The trans-Atlantic slave trade was the largest movement of people in history. Between 10 and 15 million Africans were forcibly transported across the Atlantic between 1500 and 1900. But this figure grossly understates the actual number of Africans enslaved, killed, or displaced as a result of the slave trade. At least 2 million Africans--10 to 15 percent--died during the infamous "Middle Passage" across the Atlantic. Another 15 to 30 percent died during the march to or confinement along the coast. Altogether, for every 100 slaves who reached the New World, another 40 had died in Africa or during the Middle Passage.

The Atlantic slave trade, however, was not the only slave trade within Africa. Nearly as many Africans were exported across the Sahara Desert, the Red Sea and the Indian Ocean from 650 a.d. to 1900 as were shipped across the Atlantic. Islamic traders probably exported 10 million slaves into north Africa, Arabia, Yemen, Iraq, Iran, and India. In addition, it now seems clear that during the era of the Atlantic slave trade, many and perhaps most of the enslaved were kept in Africa. It is imaginable that as many as 60 million Africans died or were enslaved as a result of these various slave trades.

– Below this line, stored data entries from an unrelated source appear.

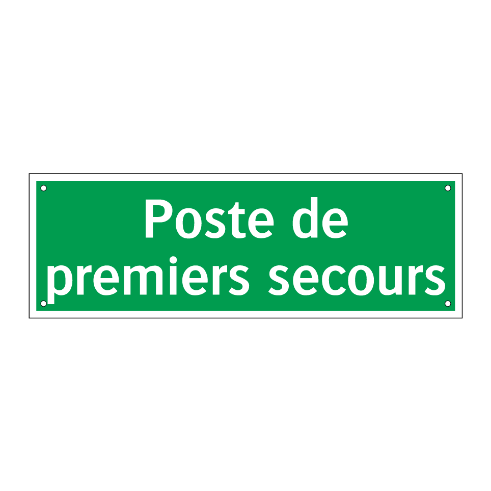 Cette enseigne de secours, avec son fond vert et son texte blanc, est idéale pour signaler un poste de premiers secours. Elle est conçue pour être placée dans des lieux publics tels que les bureaux, les écoles, les centres commerciaux et les installations industrielles. Son objectif principal est de guider rapidement les personnes vers les équipements de premiers secours en cas d'urgence. Grâce à sa visibilité accrue, elle assure une identification facile et rapide, contribuant ainsi à la sécurité et à la réactivité en situation critique.
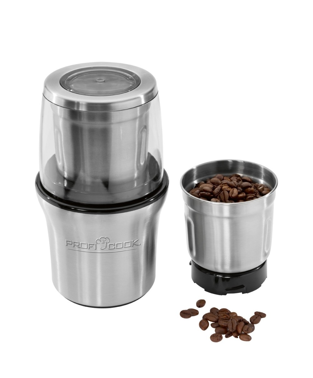 Il macinacaffè elettrico ProfiCook PC‑KSW 1021 2‑in‑1 macina fino a 85 g di caffè fresco e trita spezie, erbe e noci con un solo apparecchio. Compatto, resistente e dotato di coperchio trasparente, garantisce prestazioni veloci e precise ogni giorno in cucina.
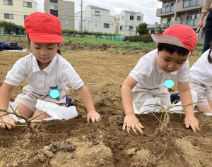 畑に到着しご挨拶をしてから、おいもほりがスタート。少し顔を出したおいもを無理に引っ張ることはせず、そっと丁寧に土を掘り進め、つるがついたままの立派なおいもを掘り起こすと、大喜びでした。

The level of slave exports to the New World grew from about 36,000 a year in the early eighteenth century to almost 80,000 a year during the 1780s. By 1750, slavers usually contained at least 400 slaves, with some carrying more than 700.

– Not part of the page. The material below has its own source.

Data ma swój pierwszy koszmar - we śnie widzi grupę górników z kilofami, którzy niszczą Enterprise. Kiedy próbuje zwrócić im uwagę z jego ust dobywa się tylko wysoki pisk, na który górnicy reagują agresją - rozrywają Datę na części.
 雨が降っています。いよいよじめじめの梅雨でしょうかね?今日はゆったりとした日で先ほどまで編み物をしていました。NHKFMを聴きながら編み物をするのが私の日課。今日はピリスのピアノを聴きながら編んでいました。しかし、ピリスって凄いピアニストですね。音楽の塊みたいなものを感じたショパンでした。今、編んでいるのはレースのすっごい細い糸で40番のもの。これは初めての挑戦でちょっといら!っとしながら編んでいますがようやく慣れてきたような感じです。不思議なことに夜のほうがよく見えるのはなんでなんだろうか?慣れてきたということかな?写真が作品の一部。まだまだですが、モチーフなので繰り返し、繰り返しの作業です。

Once on shipboard, slaves were chained together and crammed into spaces sometimes less than five feet high. One observer said that slaves were packed together "like books upon a close that the shelf would not easily contain one more." Conditions within the slave ships were unspeakably awful. Inside the hold, slaves had only half the space provided for indentured servants or convicts. Urine, vomit, mucous, and horrific odors filled the hold.

The Middle Passage usually took more than seven weeks. Men and women were separated, with men usually placed toward the vessel's bow and women toward the stern. The men were chained together and forced to lie shoulder to shoulder, while women were usually left unchained. During the voyage, the enslaved Africans were typically fed only once or twice a day and brought on deck for limited times.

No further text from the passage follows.